The ability of siHBs1 and SesiRNA to inhibit HBV gene expression and replication was compared in HepG2 cells by cotransfection with pHY106 + wta and 100 nM of SesiRNA or 12.5 nM of siHBs1. The production of HBsAg and HBeAg was suppressed strongly by both SesiRNA and siHBs1 (Fig. 4c). The level of HBV replicative intermediates was reduced to 20% of the control by SeiRNA vs. 2% by siHBs1 (Fig. 4d). Further, siHBs1 led to a significant decrease of the amounts of HBV transcripts to 10% of the control (Fig. 4e). Therefore, synthetic siRNAs may be more efficient for gene silencing than esiRNAs in the present use of synthetic siRNAs.

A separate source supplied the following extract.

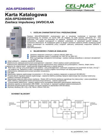 ADA-SPS240040D1 Zakład Informatyki i Elektroniki Karta Katalogowa ADA-SPS240040D1 Zasilacz impulsowy 24VDC/0,4A 1. OGÓLNA CHARAKTERYSTYKA I PRZEZNACZENIE Zasilacz ADA-SPS240040D1 produkowany jest w obudowie modułowej z tworzywa ABS przystosowanej do montażu na szynie DIN. Ze względu na małe wymiary szerokość 1S i moc wyjściową 10W może być stosowany do zasilania przetworników pomiarowych, czujników, sond, konwerterów, urządzeń pracujących w układach automatyki, w systemach kontroli dostępu, w systemach alarmowych. W instalacjach gdzie na długich odcinkach zasilania 24VDC występują spadki napięć prowadzące do niestabilnej pracy urządzeń zalecamy zastosować miejscowe zasilanie z zasilacza ADA-SPS240040D1. 2. WŁAŚCIWOŚCI I FUNKCJE ZASILACZA Zasilanie napięciem zmiennym z zakresu 90VAC-260V AC. Zasilanie napięciem stałym z przedziału od 130V DC do 350V DC. Brak wymaganego obciążenia minimalnego - zasilacz startuje prawidłowo z zerowym obciążeniem na wyjściu, Układ softstart'u – zwiększa żywotność zasilacza. Elektroniczne zabezpieczenie przed przeciążeniem i zwarciem - chroni zasilacz przed uszkodzeniem. Elektroniczne zabezpieczenia zapewniają znaczne ograniczenie mocy zasilacza przy przeciążeniu i zwarciu, dzięki czemu urządzenie nie ulegnie awarii nawet podczas długotrwałej pracy w stanie zwarcia. Brak trybu „hiccup” przy przeciążeniu lub zwarciu - przy przeciążeniach i zwarciach urządzenie nie przechodzi do trybu „hiccup” i nie wyłącza się. Zapewnia to start z obciążeniami o dużym prądzie rozruchowym lub dużą pojemnością. Elektroniczne zabezpieczenie przed wzrostem temperatury. Filtr EMC. Stabilizacja napięcia wyjściowego na poziomie +/- 2% Uwy przy zasilaniu napięciem w granicach 90-260VAC. Wysoka jakość regulacji napięcia wyjściowego - zapewnia stabilny przebieg napięcia wyjściowego bez oscylacji nawet przy szybkich zmianach obciążenia. Sygnalizacja optyczna stanu pracy zasilacza - Dioda LED na froncie zasilacza sygnalizuje trzy stany pracy : praca prawidłowa (kolor zielony), przeciążenie (kolor pomarańczowy/czerwony), zwarcie (zgaszona). Wytrzymałość elektryczna - zasilacz spełnia normy europejskie dotyczące wytrzymałości elektrycznej. Obudowa zgodna ze standardem DIN 43880 – do montażu w typowych szafkach elektroinstalacyjnych, Obudowa przystosowana do montażu na szynie zgodnej ze standardem DIN EN 50022, Wymiary obudowy (Sz x Wy x Gł) 18mm x 90mm x 65 mm, SCHEMAT BLOKOWY Transformator NAPIĘCIE WEJŚCIOWE AC Bezpiecznik NTC Filtr EMI Prostownik Wejściowy Układ PWM Prostownik Wyjściowy Transoptor 1 Pomiar IiU kk_sps240040d1_1v02 NAPIĘCIE WYJŚCIOWE DC ADA-SPS240040D1 Zakład Informatyki i Elektroniki 3. DANE TECHNICZNE Parametry Dane Parametry wejścia 90 - 260VAC 90 – 110VAC obciążenie 250mA 120 – 260VAC obciążenie 400mA Zakres napięcia zasilania Napięcie znamionowe 230VAC 53 mA Prąd znamionowy Częstotliwość zasilania (znamionowa) 48 - 63 Hz ( 50Hz ) Prąd wejściowy przy zwartym wyjściu 12 mA (Vout=0V) Zabezpieczenie przed wzrostem napięcia elektroniczne 1A klasy C Zewnętrzny bezpiecznik Złącza Złącza śrubowe 2,5 mm2 Parametry wyjścia 24VDC Napięcie znamionowe Znamionowy prąd wyjściowy 0,40A Moc wyjściowa 9,6W Współczynnik stabilizacji napięcia wyjściowego Su 0,2% Nastawialne napięcie wyjściowe Brak < 200mVpp Tętnienia Ograniczenie prądu 0,49A 0,58A (Vout=0V) Prąd zwarcia Zabezpieczenie przed przeciążeniem elektroniczne Zabezpieczenie przed zwarciem elektroniczne Dioda LED na froncie zasilacza sygnalizuje następujące stany pracy : -praca prawidłowa (kolor zielony), -przeciążenie lub zwarcie (zgaszona) Sygnalizacja optyczna pracy zasilacza Złącza śrubowe 2,5 mm2 Złącza Dane ogólne Sprawność 80% Zmienna, maksymalna 132kHz Częstotliwość impulsowania Wytrzymałość elektryczna uzwojeń transformatora pierwotne/wtórne 3kV/1min Klasa ochronności II, brak zacisku PE PN-EN 61204-3 Kompatybilność elektromagnetyczna EMC Wymagania bezpieczeństwa Środowisko PN-EN 61204 Handlowe i lekko uprzemysłowione Temperatura pracy (znamionowa) 0 – 50°C ( 25°C ) Wilgotność względna powietrza (znamionowa) 5 ÷ 90% (60%) - bez kondensacji Montaż na szynie DIN Położenie podczas pracy Obudowa Wymiary ( Wys x Sz x G) 89,6 x 17,5 x 63 mm ABS niepalny, kolor RAL 7035 Materiał Stopień ochrony obudowy IP20 Masa 90 g Warunki przechowywania i transportu Temperatura zewnętrzna -40 ÷ +70°C 5 ÷ 95% - bez kondensacji Wilgotność względna powietrza 2 ADA-SPS240040D1 Producent Zakład Informatyki i Elektroniki Dystrybutor CEL-MAR sp.j. Zakład Informatyki i Elektroniki ul. Ściegiennego 219C 25-116 Kielce, POLSKA Tel/fax ............................................ : +48 41 362-12-46 Fax.................................................. : +48 41 361-07-70 Web................................................ : http://www.cel-mar.pl Biuro............................................... : [email protected] Dział handlowy............................... : [email protected] Informacja techniczna ................... : [email protected] 3

It is suggested that esiRNAs are directed to multiple sites of a target sequence. Therefore, the ability of SesiRNA to inhibit the expression of heterologous HBsAg sequences was examined. Three HBsAg expression plasmids encoding different HBsAg geno/subtypes were cotransfected with SesiRNA. The determination of the HBsAg expression level in supernatants showed that cotransfection with SesiRNA reduced equally the expression of HBsAg, regardless of the subtypes (Fig. 5 ).

Fig. 5.

Fig. 5

Effects of esiRNA on naturally occurred HBs mutants. HepG2 cells were cotransfected with SesiRNA and three expression plasmids encoding different types of HBsAg, 1056Sp (genotype D, ayw), HK188 (genotype C, adr), and 91-4696 (genotype A, adw). The HBsAg level in cell culture supernatants was determined by CMIA 72 h post-transfection.

3.4. EsiRNA did not induce the expression of interferon-stimulated genes (ISGs)

Large dsRNA with a length over 35 bp might induce the interferon response in cells. Thus, it is necessary to examine whether the use of esiRNAs induces ISGs in HepG2.2.15 cells to exclude the off-target effect. RT-PCR analysis was carried out to monitor the induction of STAT1 and ISG15 in cells. The expression of STAT1 and ISG15 in HepG2.2.15 cells was increased after a 24-h treatment with 100 units of IFN-α. The transfection of HepG2.2.15 cells with SesiRNA and CesiRNA did not increase the expression of STAT1 and ISG15 (Fig. 6 ). Thus, esiRNA was not able to activate the interferon response in hepatoma cells.

Fig. 6.

Fig. 6

RT-PCR analysis of STAT1, ISG15, and β-actin mRNA in cells transfected with esiRNAs. Total RNAs were purified from HepG2.2.15 cells transfected with or without esiRNA. cDNAs were prepared by reverse transcription with Oligo (dT) primer. The cDNA fragments of STAT1, ISG15, and β-actin were amplified and examined by agarose gel electrophoresis. In addition, the relative amounts of STAT1 mRNAs were determined by real-time RT-PCR as shown in copies per microgram RNA. M, 123 bp DNA Ladder; lane 1, no RNAi; lane 2, SesiRNA 50 nM; lane 3, SesiRNA 100 nM; lane 4, CesiRNA 50 nM; lane 5, CesiRNA 100 nM; lane 6, HCVesiRNA 100 nM; lane 7, negative control; lane 8, positive control: total RNA purified from HepG2.2.15 cells stimulated with interferon-alpha at a concentration of 100 units/ml.

4. Discussion

In this study, the ability of specific esiRNAs to silence the HBV gene expression and replication was examined in detail. The esiRNA directed against the coding sequences of HBsAg and HBcAg was capable of inhibiting the HBV gene expression and viral replication both in transient cotransfection system and in HepG2.2.15 cells. The inhibition effect was specific and dose-dependent. Theoretically, the esiRNA targeted at HBsAg should be more effective than its counterpart targeted at HBcAg. Since the HBV S region is shared by the major viral transcripts, all these RNA species were suppressed by SesiRNA. However, CesiRNA was as effective as or even more effective than SesiRNA. CesiRNA inhibited the HBsAg expression likely acting indirectly through reduction of HBV replication or by other unknown mechanisms. Interestingly, both SesiRNA and CesiRNA effectively inhibited HBV replication in HepG2.2.15 cells while only HBeAg expression was reduced by CesiRNA. One explanation is that only a small amount of HBsAg transcripts is needed for the synthesis of HBsAg.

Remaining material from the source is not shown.